====== MATERIAL FOR THIS EXERCISE

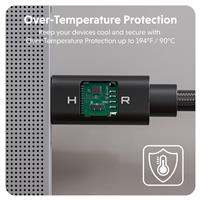 Each port connector contains E-marker chips with Over-Temperature Protection up to 194°F / 90°C that intelligently manages the safe and efficient delivery of power and data, to keep your devices from overheating.
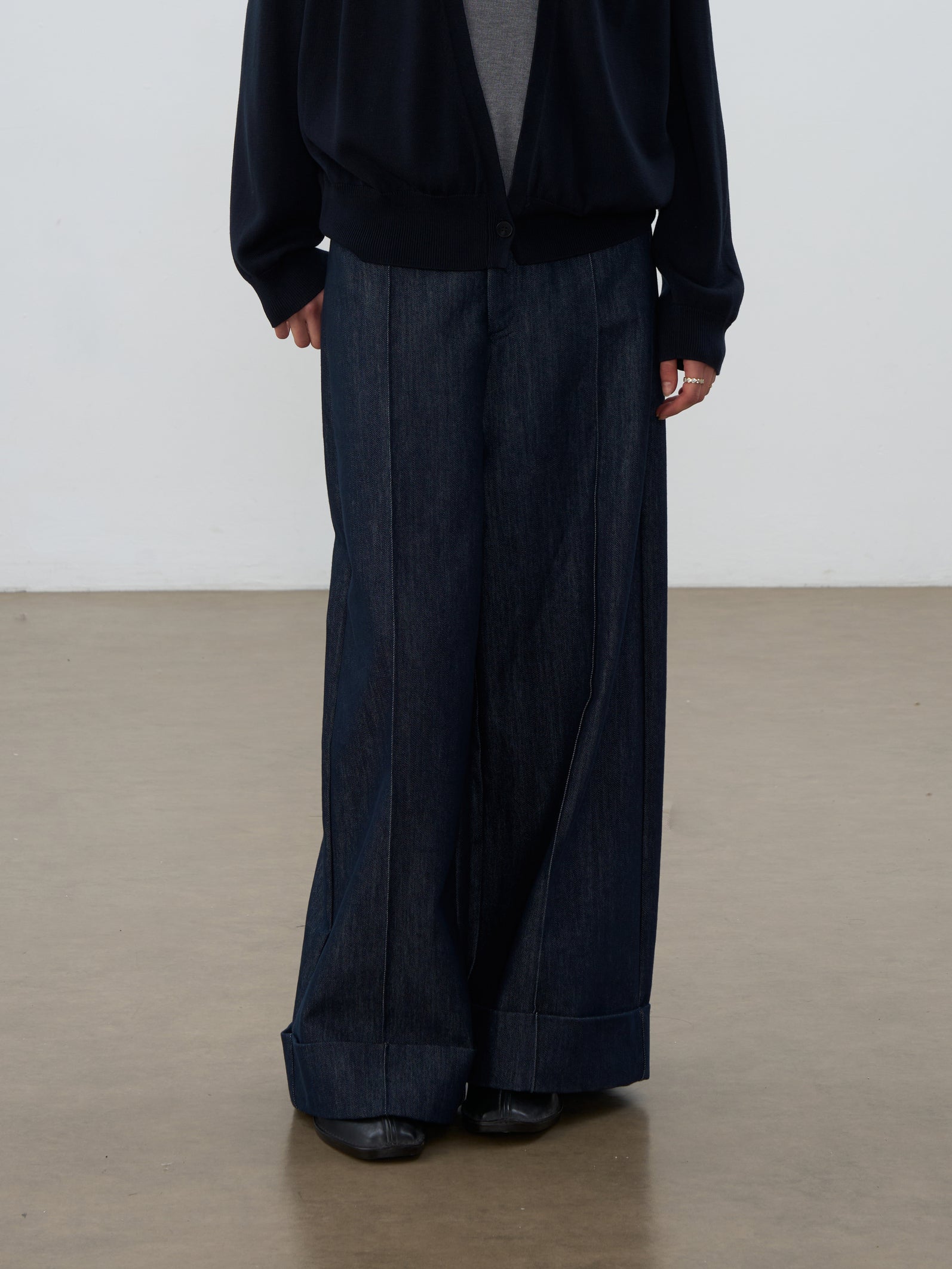 Vintage High-Waisted Wide-Leg Pants with Rolled Hems
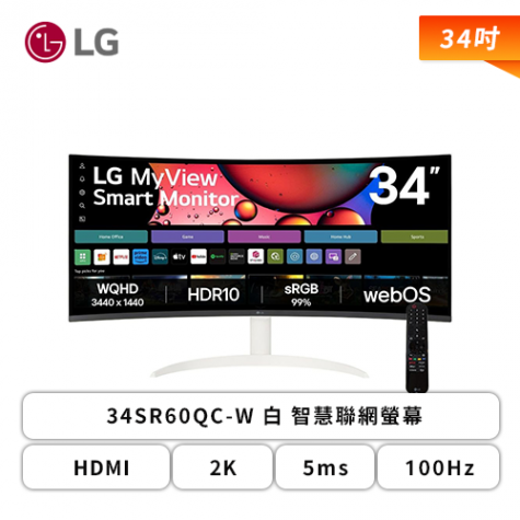 【34型】LG 34SR60QC-W 白 智慧聯網螢幕 (HDMI/Type-C/VA/曲面/2k/5ms/HDR10/搭載webOS 23/支援WiFi+藍芽/內建喇叭/三年保固)
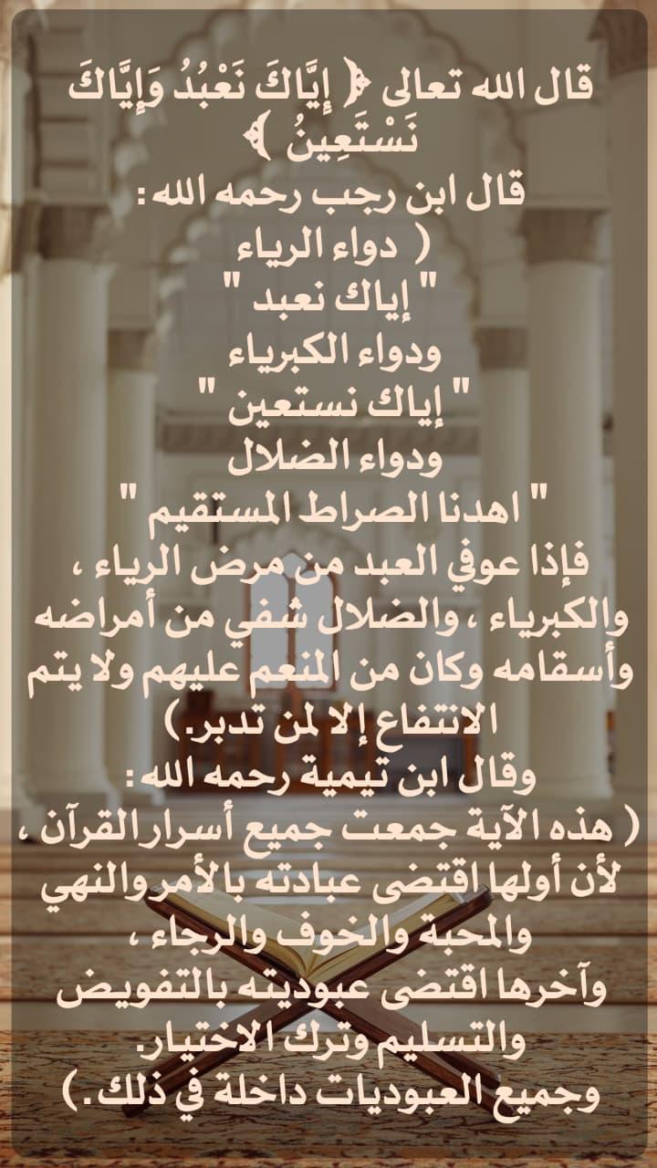 ﴿ إِيَّاكَ نَعْبُدُ وَإِيَّاكَ نَسْتَعِينُ ﴾
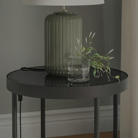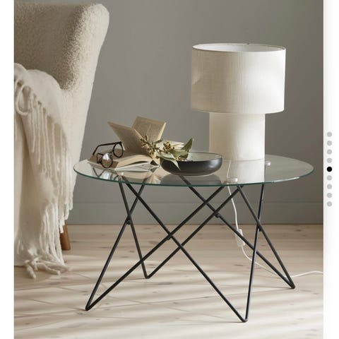 Pulverlackerat metallbord, litet bord i unik stil, med förvaringsplats nedtill för tidningar, böcker eller en pläd.
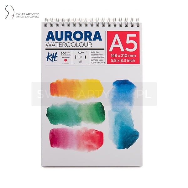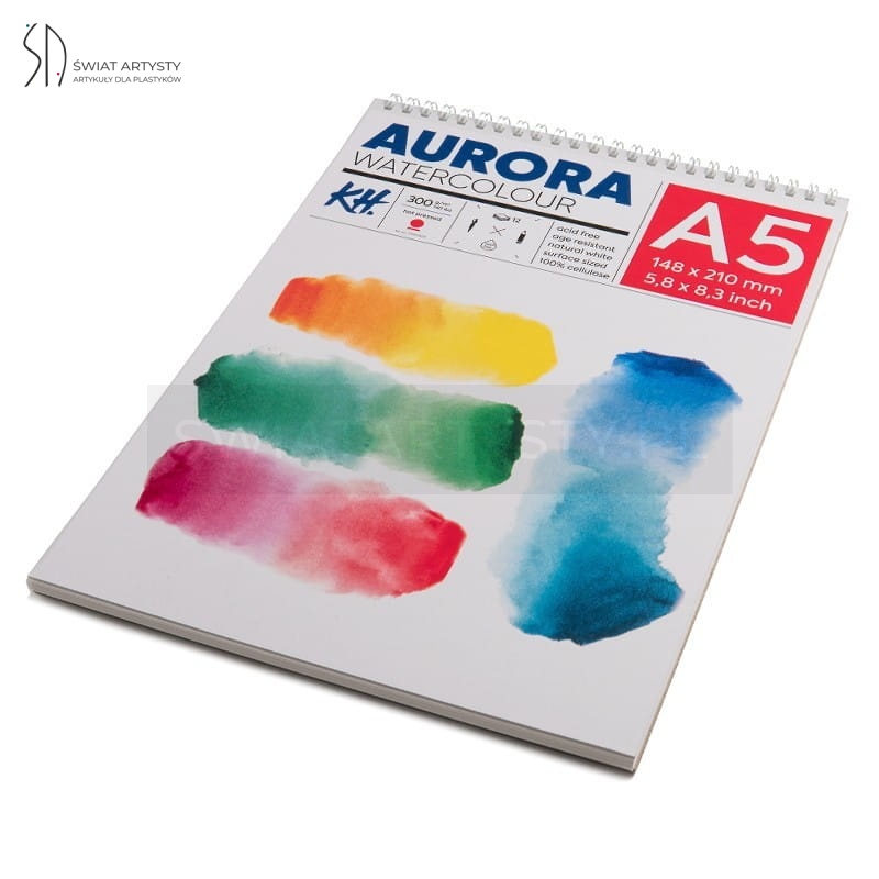 Blok do akwareli AURORA Hot Pressed (gładki) 300g, 12 ark. A5 na spirali

============

**YOUR TASK:** Excluding any pictures, print exactly the lines of the listing above from the line with "34SR60QC-W 白 智慧聯網螢幕" to the line with "Pulverlackerat metallbord, litet", both ends included.

**SOLVED EXERCISE:**
 【34型】LG 34SR60QC-W 白 智慧聯網螢幕 (HDMI/Type-C/VA/曲面/2k/5ms/HDR10/搭載webOS 23/支援WiFi+藍芽/內建喇叭/三年保固)
 ﴿ إِيَّاكَ نَعْبُدُ وَإِيَّاكَ نَسْتَعِينُ ﴾
 Pulverlackerat metallbord, litet bord i unik stil, med förvaringsplats nedtill för tidningar, böcker eller en pläd.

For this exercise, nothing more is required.